What you need to do
Retype the entries, please, from their first line to the line containing "230404 | 查看詳情 |", exactly and only those lines, minus the pictures.

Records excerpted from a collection
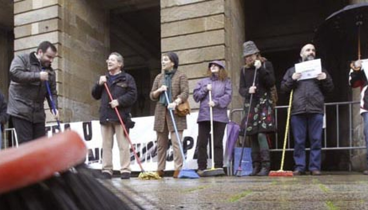 Unos santiagueses hartos de las informaciones sobre la supuesta corrupción que invade a su consistorio se fueron ayer a la puerta del mismo, fregona en mano, para intentar limpiarla.
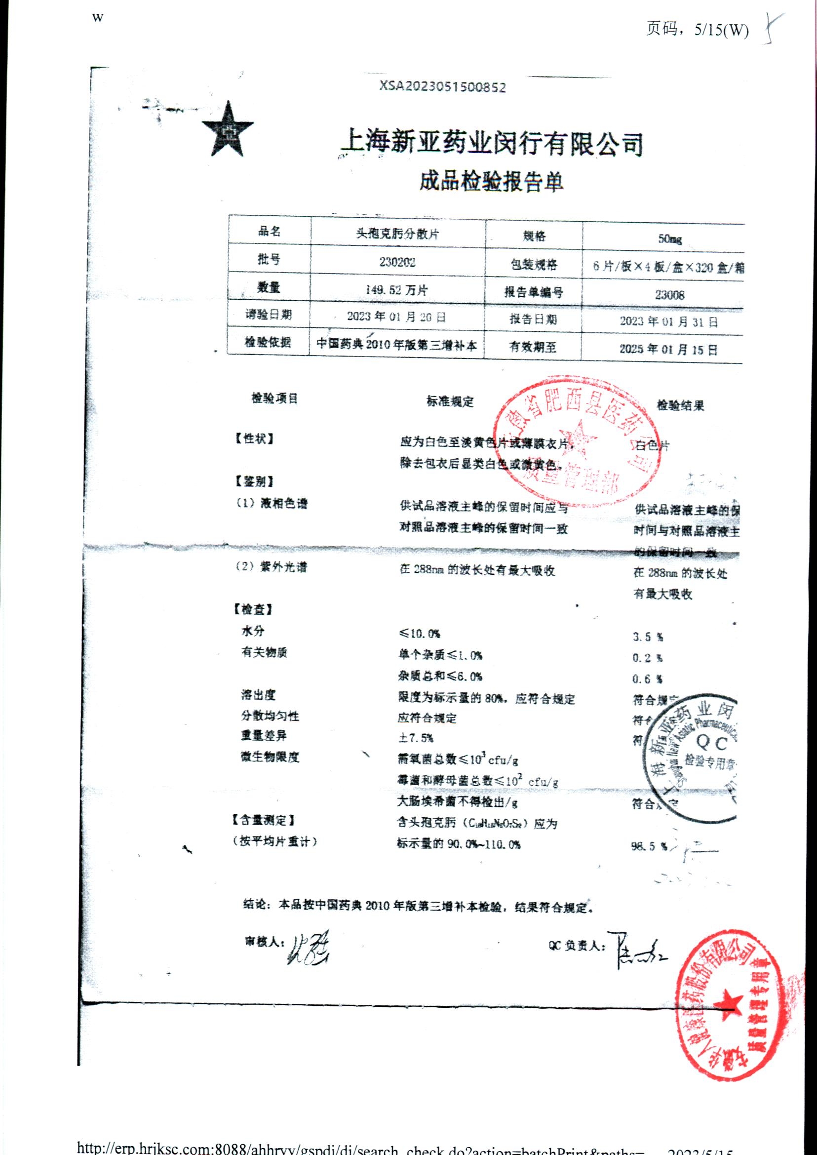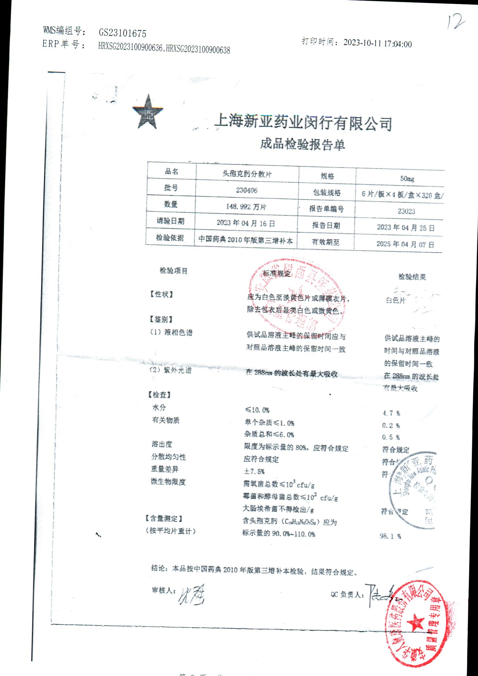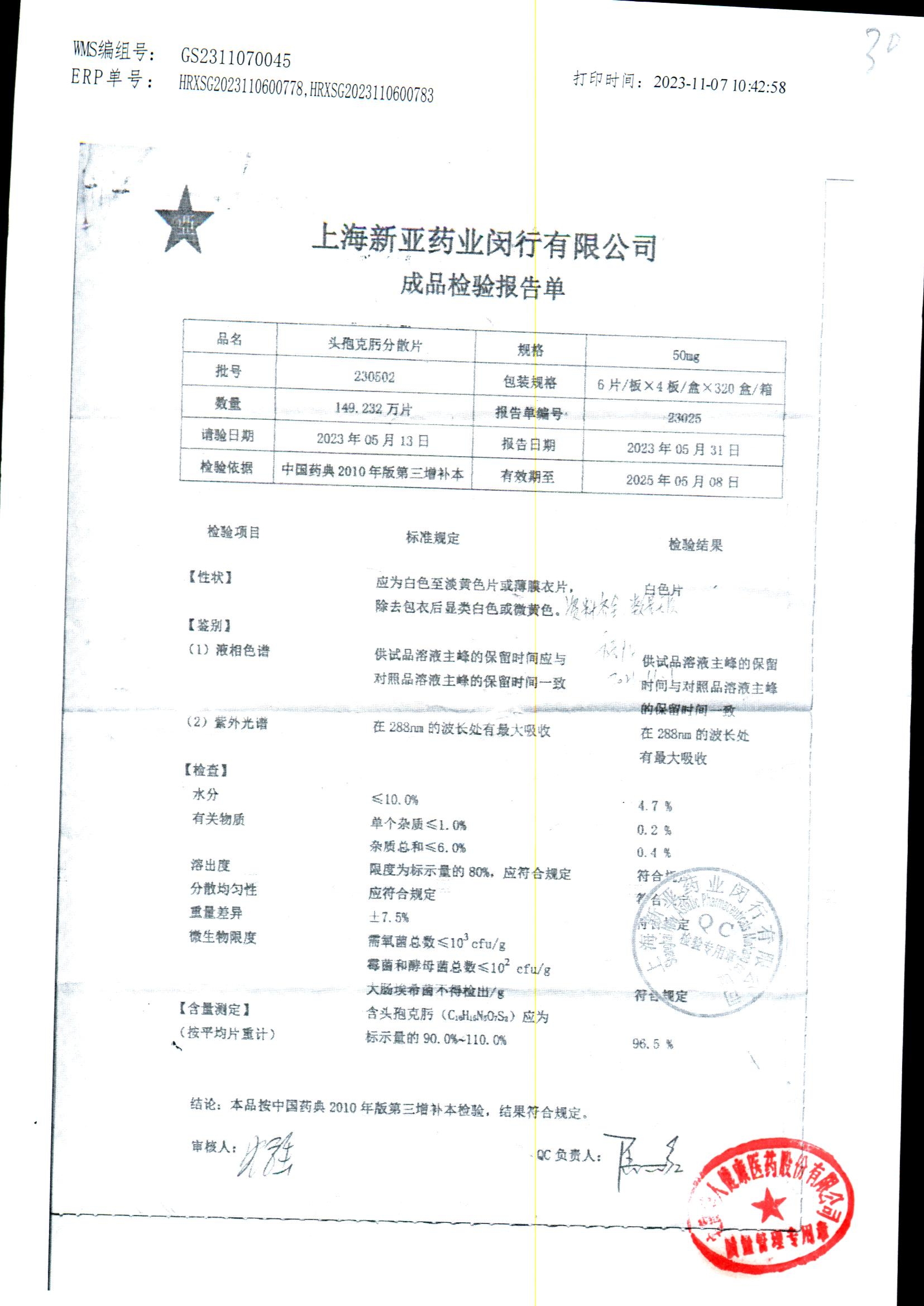 | 頭孢克肟分散片 | 50mg*24s | 230404 | 查看詳情 |
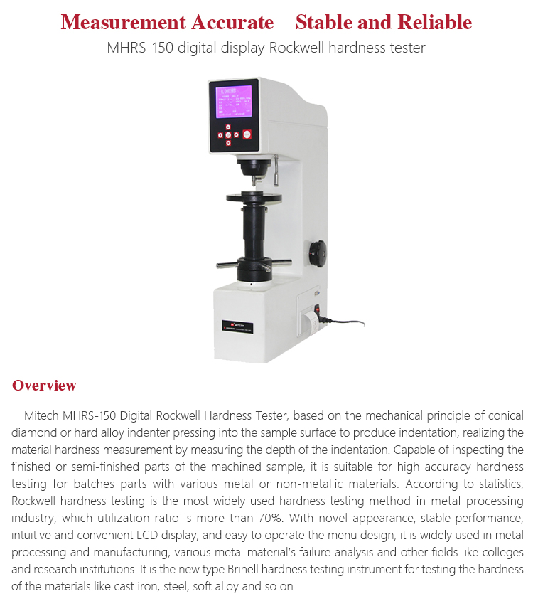 Product OverviewMitech MHRS-150 Digital Rockwell Hardness Tester, based on the mechanical principle of conical diamond or hard alloy indenter pressing into the sample surface to produce indentation, realizing the material hardness measurement by measuring the depth of the indentation. Capable of inspecting the finished or semi-finished parts of the machined sample, it is suitable for high accuracy hardness testing for batches parts with various metal or non-metallic materials. According to statistics, Rockwell hardness testing is the most widely used hardness testing method in metal processing industry, which utilization ratio is more than 70%. With novel appearance, stable performance, intuitive and convenient LCD display, and easy to operate the menu design, it is widely used in metal processing and manufacturing, various metal material’s failure analysis and other fields like colleges and research institutions. It is the new type Brinell hardness testing instrument for testing the hardness of the materials like cast iron, steel, soft alloy and so on.
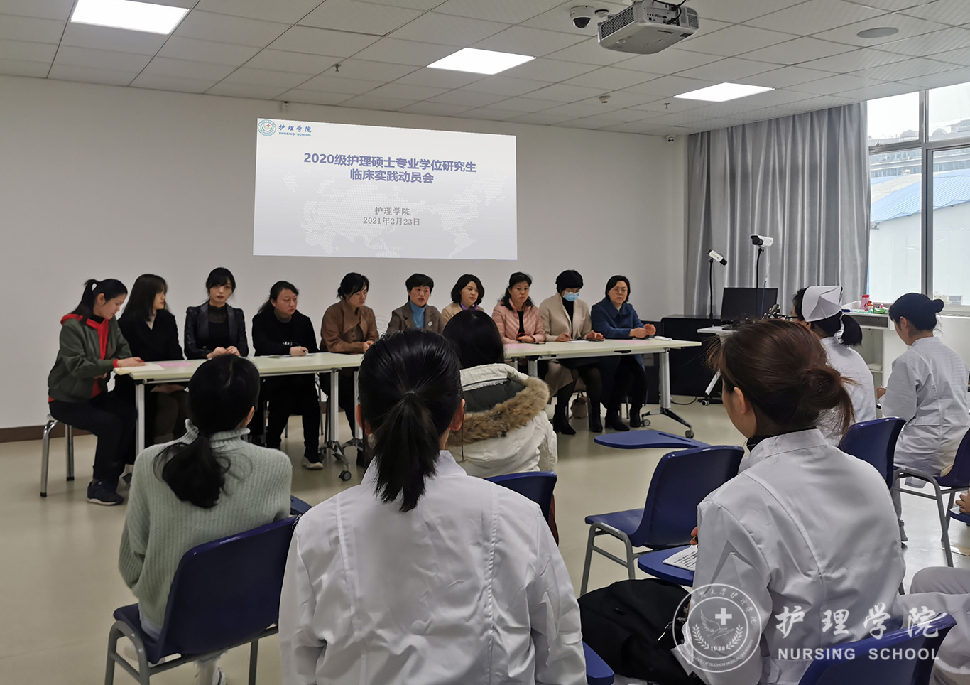 2月23日动员会上,太阳成集团tyc234cc公司产品教师团队从临床轮转学习相关制度及管理要求、如何做好个人职业防护及积极发掘临床科学研究研究创新点等多方面对2020级护理硕士专业学位研究生同学进行思想动员与正向引导。太阳成集团tyc234cc副经理刘志燕寄语同学们,要努力进取,踏实学习,通过两年的临床学习实现真正的提升成长。公司研究生分管副经理王秀红从祝贺、期待和要求三个方面对研究生同学们提出殷切期待与深情寄托,强调同学们要秉持孺子牛、拓荒牛、老黄牛“三牛”精神,在临床做为病人服务的孺子牛;在护理科学研究的道路上做创新发展的拓荒牛;在临床实践探索真理的过程中做艰苦奋斗的老黄牛,真正通过深入系统的临床实践学习提升自己的专业水平,早日成为更高层次的护理专业新型应用人才。
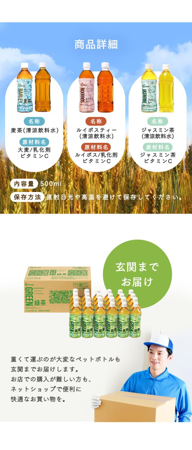 お茶 24本 500ml ペットボトル 緑茶 麦茶 烏龍茶 ルイボスティー ほうじ茶 ジャスミンティー [代引不可] 全6種類 アイリスオーヤマ 清涼飲料水 むぎ茶 ルイボス茶 焙じ茶 アイリスフーズ ペットボトル 爽やか 香る 食事 スポーツ 持ち歩き
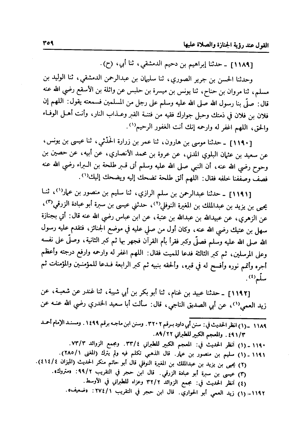 1190 - حَدَّثَنَا مُوسَى بْنُ هَارُونَ، ثنا عُمَرُ بْنُ زُرَارَةَ الْحَدَثِيُّ، ثنا عِيسَى بْنُ يُونُسَ، عَنْ سَعِيدِ بْنِ عُثْمَانَ الْبَلَوِيُّ الْمَدَنِيُّ، عَنْ عُرْوَةَ بْنِ مُحَمَّدٍ الْأَنْصَارِيِّ، عَنْ أَبِيهِ، عَنْ حُصَيْنِ بْنِ وَحْوَحٍ، رَضِيَ اللَّهُ عَنْهُ أَنَّ النَّبِيَّ صَلَّى اللهُ عَلَيْهِ وَسَلَّمَ أَتَى قَبْرَ طَلْحَةَ بْنِ الْبَرَاءِ رَضِيَ اللَّهُ عَنْهُ فَصَفَّ وَصَفَفْنَا خَلْفَهُ فَقَالَ: «§اللَّهُمَّ الْقَ طَلْحَةَ تَضْحَكُ إِلَيْهِ، وَيَضْحَكُ إِلَيْكَ»

Solution to this task
 Unos santiagueses hartos de las informaciones sobre la supuesta corrupción que invade a su consistorio se fueron ayer a la puerta del mismo, fregona en mano, para intentar limpiarla.
 | 頭孢克肟分散片 | 50mg*24s | 230404 | 查看詳情 |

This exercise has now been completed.